Kazakhstani sculptor

Eduard Kazarian (born 1964) is a Kazakhstani sculptor of Armenian descent whose works range from small bronzes to monumental public art. His materials include bronze, ceramics, and steel; he has also produced tapestries, graphic works, and designer jewelry. Since the early 1990s he has exhibited widely in Kazakhstan and abroad, and his sculptures are held in public and corporate collections internationally.

== Early life and education ==
Kazarian was born in Almaty in 1964. He studied sculpture at the Almaty State Theater and Art Institute (now the Kazakh National Academy of Arts), graduating in 1991.

== Career ==
Kazarian has presented numerous solo and group exhibitions in Kazakhstan and abroad. In 2019 the Abylkhan Kasteev State Museum of Arts in Almaty hosted his solo exhibition In the Artist's Studio, which featured bronze and ceramic works, monumental reliefs, and textile art.
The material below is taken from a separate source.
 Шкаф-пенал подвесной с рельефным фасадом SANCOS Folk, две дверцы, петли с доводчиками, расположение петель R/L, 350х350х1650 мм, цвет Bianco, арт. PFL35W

That same year, he participated in the group exhibition Triumvirart at ForteBank Kulanshi ArtSpace in Astana (now Nur-Sultan), alongside fellow Kazakh artists Erbol Noda and Bakhytbek Bekeev.
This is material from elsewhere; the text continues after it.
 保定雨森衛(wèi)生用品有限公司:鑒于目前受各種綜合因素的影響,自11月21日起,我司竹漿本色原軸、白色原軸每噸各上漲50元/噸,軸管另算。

His public commissions include a variety of sculptural installations in Kazakhstan and abroad. He is also active as a curator and cultural organizer, co-curating the First Eurasian Sculpture Biennale during the EXPO-2017 cultural program and founding the Kazarian Art Center in Almaty in 2015.

== Selected public and commissioned works ==
- Heart (2018–2019) – sculpture representing Kazakhstan in the Reviving Humanity Memorial, Sharm el-Sheikh, Egypt.
- The Beatles Bench (2007) – public sculpture on Kok-Tobe Hill, Almaty, commissioned by the Seimar Foundation.
- Mountain Guard (2020) – bronze installation at the Embassy of Kazakhstan in Paris, France.

== Collections ==
Kazarian's works are held by institutions such as the World Bank Art Program (Washington, D.C.) and by the Abylkhan Kasteev State Museum of Arts (Almaty). Additional holdings in museums and corporate collections in Kazakhstan and abroad have been reported in local media.

== Awards ==
- 2019 – Mädeniet salasynyn üzdigi ("Excellence in Culture") badge from the Ministry of Culture and Sports of the Republic of Kazakhstan.
- 2011 – Gold Medal of the Ministry of Culture of Armenia.
- 2012 – Altyn Adam – Person of the Year national award ("People's Love and Creative Achievements").
- 2000 – Tarlan independent award in culture ("New Name – Hope").

== Style and themes ==
Kazarian's works frequently explore the relationship between humanity, nature, and the cosmos. His preferred materials include bronze, ceramics, and steel, while his motifs often draw on mythological or archetypal imagery interpreted through contemporary forms.